Indeed, the absolute value of the current (determined by R1) will influence the bandgap output voltage. But it's a second order effect. If the resistance changes +/- 10% (typical for IC processes), the output voltage will only change +/- ln(1.1)*Vt = +/- 2.5 mV.
However the spread of Is and Beta in the transistors will give more deviation.
Haha - you guys need to start doing your maths on this stuff.. For the most part, it washes out. For example: Multiply all resistors by 1.2. now ptat current is 20% less than you previously thought, but Rgain is 120% of what you previously thought => 1.
In reality, we add trim circuits to bandgaps once we start worrying about process variation. BUT - for a "draw it and go" bandgap, you should be able to get within a few percent without trim.
Question on the bandgap circuit:
What threshold voltage have the NMOS transistors ?
NMOS gate-sourse voltage should be less than voltage of diodes over temperature range !
In reality, we add trim circuits to bandgaps once we start worrying about process variation. BUT - for a "draw it and go" bandgap, you should be able to get within a few percent without trim.
This bandgap circuit is constructed in voltage mode and the resistor does affect the temp coefficient of the bandgap circuit as it is temperature dependent too. Such problem can be cancelled out if current mode bandgap is used.
it also should be concerned that the load of the Vref will affect the banggap, if the Ip-p of the load is 4ua, how to get the right quisient current in the output stage of the bandgap?
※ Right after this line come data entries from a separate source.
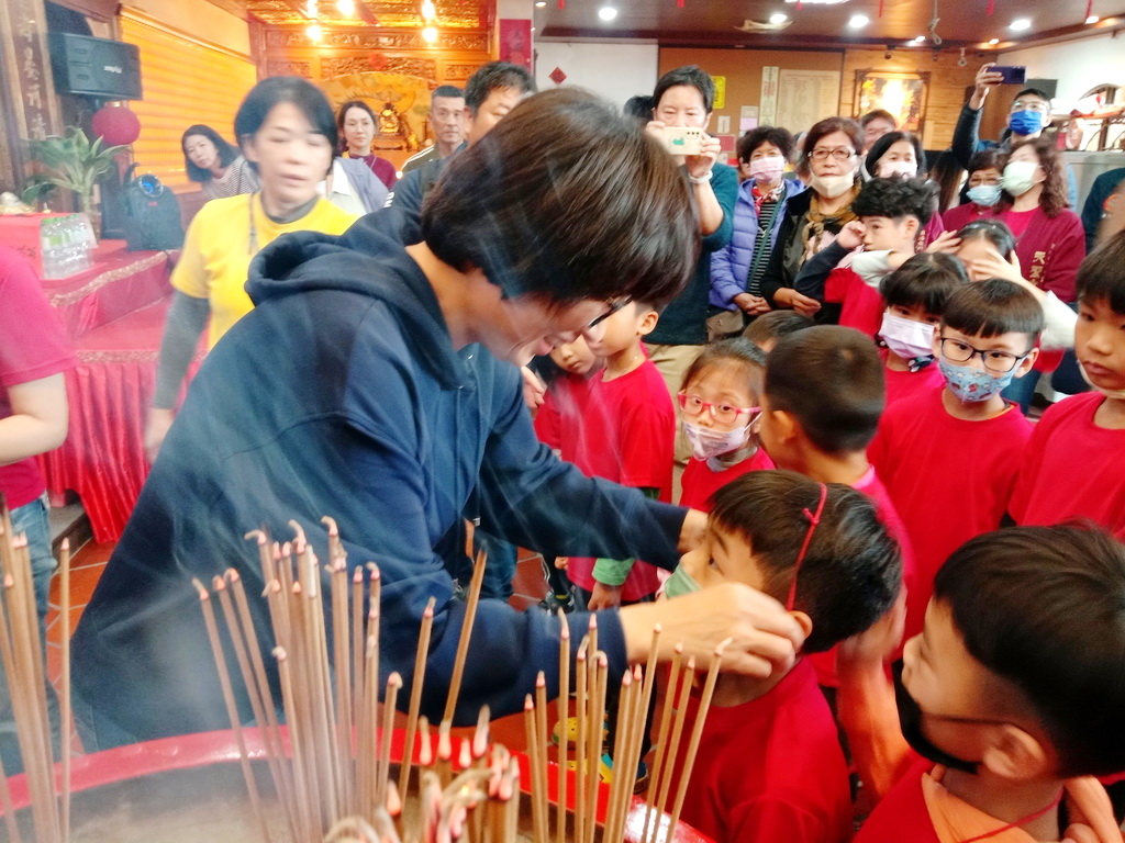 (圖六)▲饒慶鈴縣長及陳銘風市長為在場戰鼓隊的小朋友們佩掛裝有東海媽祖滿滿祝福的香火袋。(圖/東海龍門天聖宮 提供)
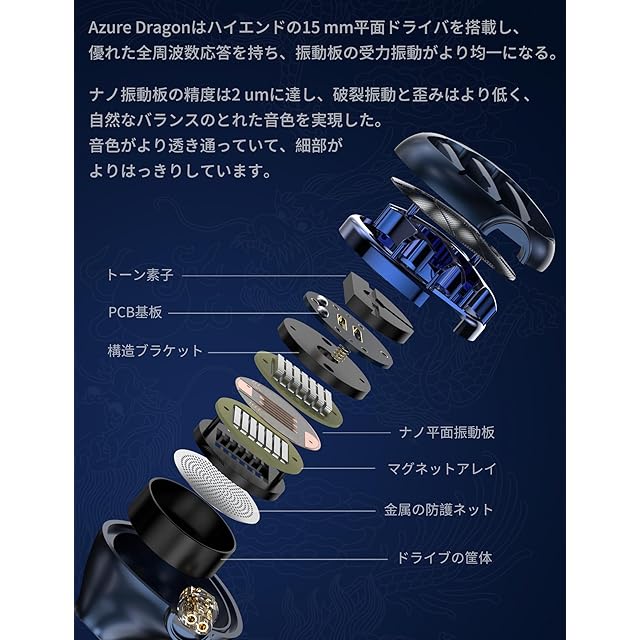 商品名:TRN Azure Dragon 青龍 イヤモニ ハイエンド 平面駆動 イヤホン ハイレゾ 平面磁気ドライバ モニターイヤホン 高遮音性 IEM イヤーモニター カナル型 イアフォン 有線 アルミハウジング 2.5/3.5/4.4mm 交換式プラグ QDC脱着式ケーブル
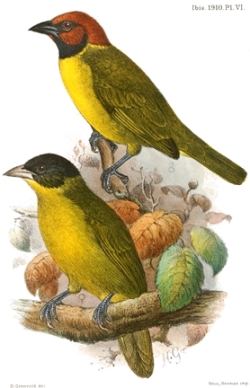 IntroductionBates’s Weaver was formally described by Richard Bowdler Sharpe, an English zoologist and ornithologist who worked as curator of the bird collection at the British Museum of natural history.Bates’s Weaver was collected by George Latimer Bates, an American naturalist. Bates visited West Africa in 1895, making a living by farming. In 1905 he settled on the Ja River, Cameroon, calling his farm Bitye (after the Bulu pronunciation of his name). He collected many natural history specimens, especially birds, in his travels and sent many of these to the Natural History Museum in London. Bates obtained the type specimen of Bates’s Weaver, a female in subadult plumage near the Dja River on 29 January 1906, presumably near Bitye farm (as stated by Bannerman 1949a). On 17 Nov 1908 a second specimen, the first adult male, was collected at nearby Kumangola. In the following year four more birds were collected at Bitye and sent to the British Museum. Bates did not observe these rare weavers alive; they were all collected by local boys with bows and arrows (Bates 1930a). Bates obtained the first Bates’s Weaver specimen in January 1906, nearly a month before obtaining the Red-crowned Malimbe type, but Sharpe described the latter first. Bates’s Weaver was first illustrated by Ogilvie-Grant (1910), showing the female type and first male specimen. The next illustration to be published was a line drawing in Bannerman (1949), showing the male and female. Scientific citationOthyphantes batesi Sharpe 1908a, Ibis p.348, Dja River, Cameroon. Meaning of namesbatesi, Named after George Latimer Bates (1863-1940), a naturalist in tropical West Africa, 1895-1931. First English nameBates’s Weaver-Finch (Sharpe 1910a). Alternate namesBates’s Weaver-Finch. CollectorGeorge Latimer Bates. Date collected29 January 1906. Locality collectedRiver Ja, Cameroon. Type specimensThe type is in the British Museum (BM 1908.5.25.104). |
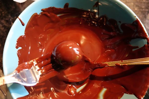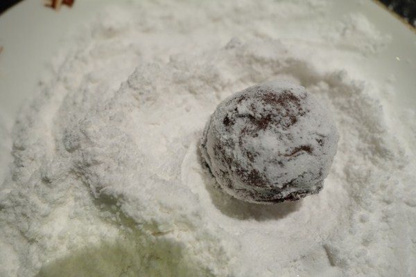 8.Стряхиваю шоколад, и осторожно укладываю конфету в сахарную пудру.
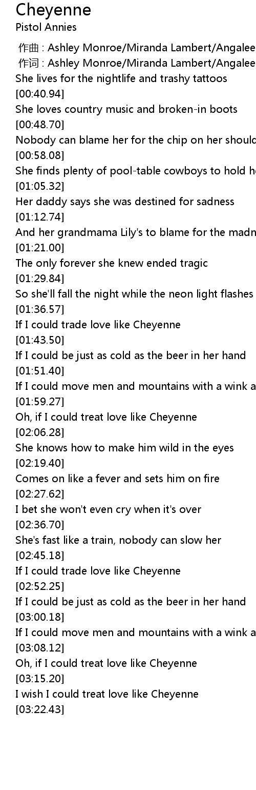 | [02:48.22] | If I could trade love like Cheyenne |
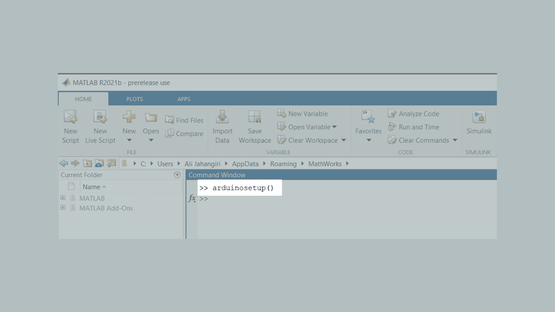 Unrecognized function or variable 'arduinosetup'
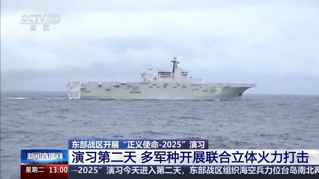 中共解放军东部战区15时30分左右在发布消息称,在台湾以东海域开展立体投送、精兵破袭、夺控要港等科目演练。(图/取自央视新闻)
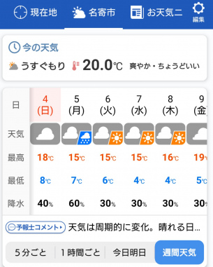 さて、来週の天気予報を見てみると・・・
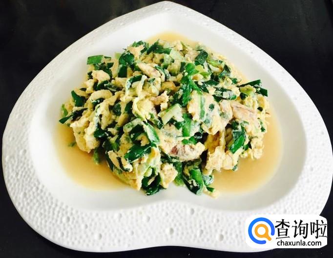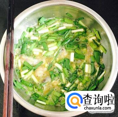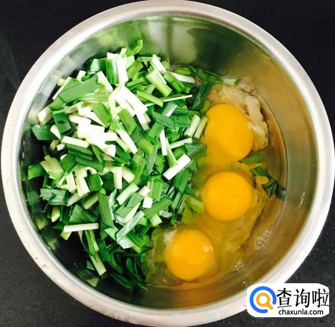 把切好的韭菜段、打三个鸡蛋放入盛皮皮虾肉的容器中
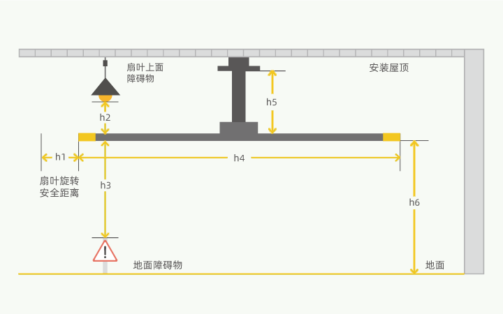 H1扇叶旋转安全距离 h1 ≥ 0.2 米
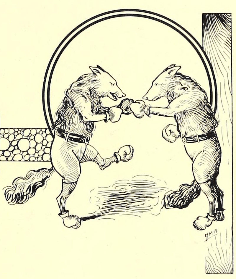 #vintage illustration #anthropomorphism #boxing #coyote #animal fight
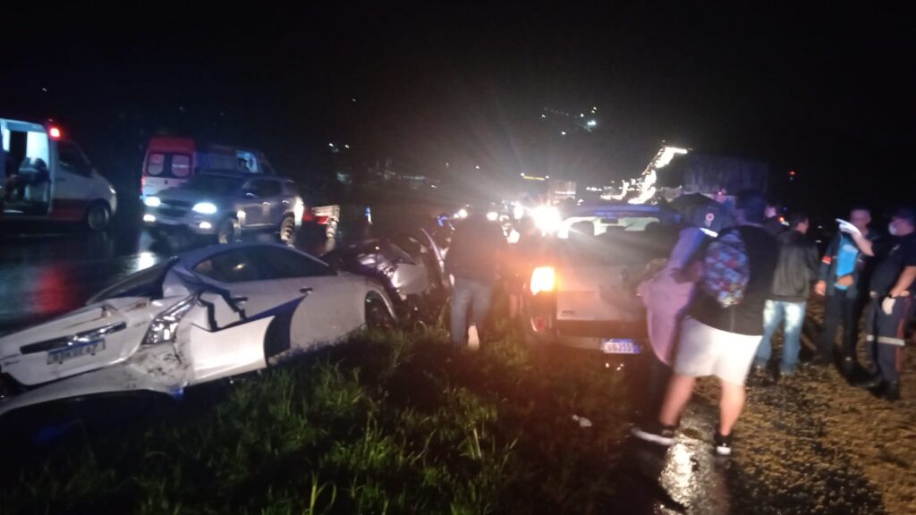 “Foi quando um bitrem tracionado por uma Scania, de Cascavel, que transitava pela faixa da direita, não foi capaz de frear e assim realizou manobra de mudança de faixa, tendo então batido lateralmente com dois caminhões, o que provocou o derramamento de carga sobre a pista (soja). Em seguida, bateu com uma série de automóveis, que acabaram sendo projetados para o canteiro central, até que acertou transversalmente um Chevrolet Ônix, de Ponta Grossa, tendo então parado sobre a faixa da esquerda”, informou a PRF.
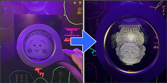 アニメ企画展の体験型展示で、LEDつき虫眼鏡で覗くと「不思議なことが起きる」追体験が楽しめる仕掛けをフラッシュプリントで実現。訪れたファンのエンゲージメントを高めました。
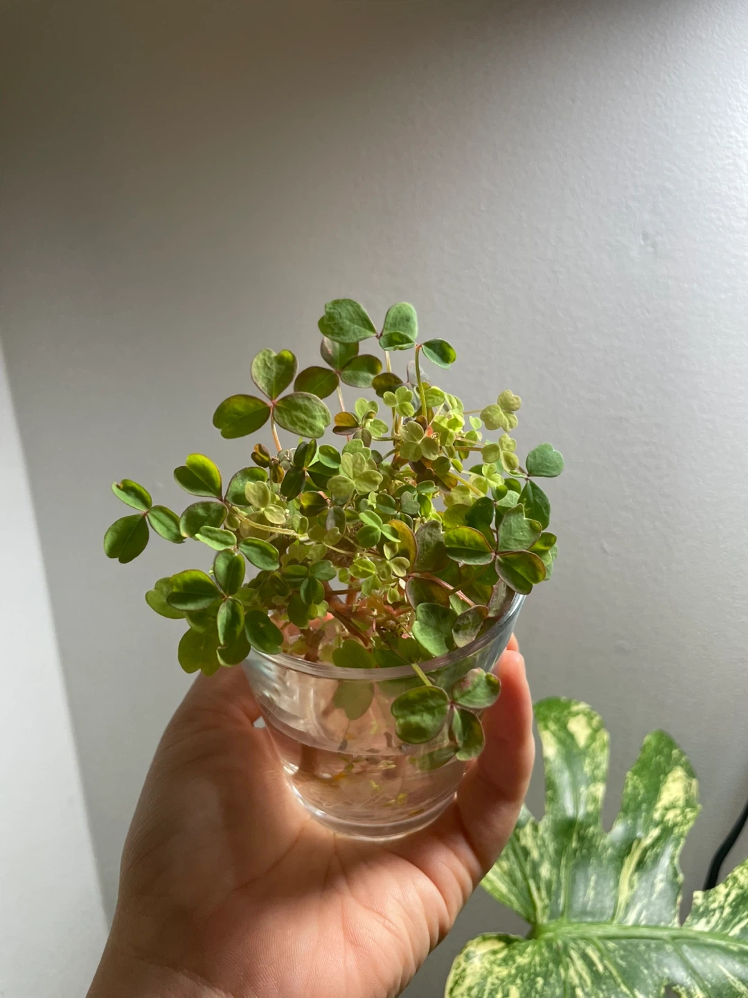A lovely little oxalis plant, happily growing in a clear glass. It's a charming addition to any indoor space and easy to care for
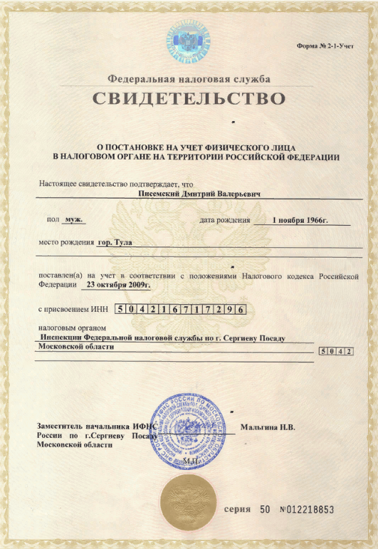 Образец свидетельства ИНН: налоговый номер присваивается гражданину или юридическому лицу только 1 раз
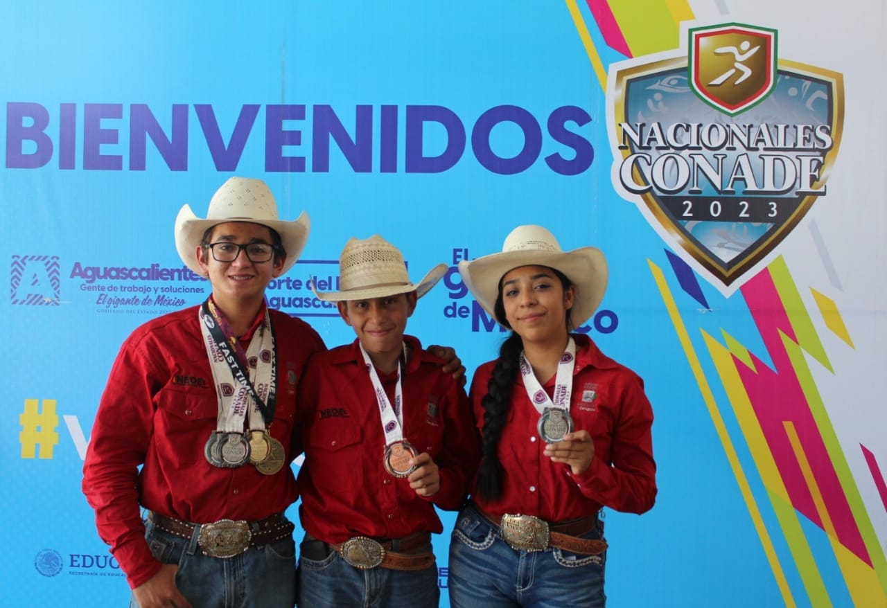 Aguascalientes,.- Tres vaqueros coahuilenses alcanzaron el podio en el Rodeo de los Nacionales CONADE 2023, disciplina que se llevó a cabo en esta ciudad y en donde se obtuvieron cuatro medallas.

In this circuit, there is the start-up circuit at the right. Anyone can discuss how the start-up circuit works in this bandgap circuit? And is there a power-down circuit? If no power-down circuit, how to simulate the start-up circuit?
In your bandgap equation, K= R2/R1 * ln where n is the ratio between bipolar. So your are independant of resistor variation in case of you've matched your resistor in the layout.
Startup circuit will work:
Initially R3 will pull down gate of M6 so M6 is off. So Gate of M5 will high turning on M5. This will pull down gate of M1,M2 ,M3 so all current sources starts flowing current so bandgap will start. Once Vref will come up and circuit is self sustaining.
M6 is On which is much sttronger then upper diode connected P tranistor so M6 On , switching off M5.
Power down signal will be added up to diode connected P transistor. Instead of making it diode connected , gate of it will be connetced to powerdown.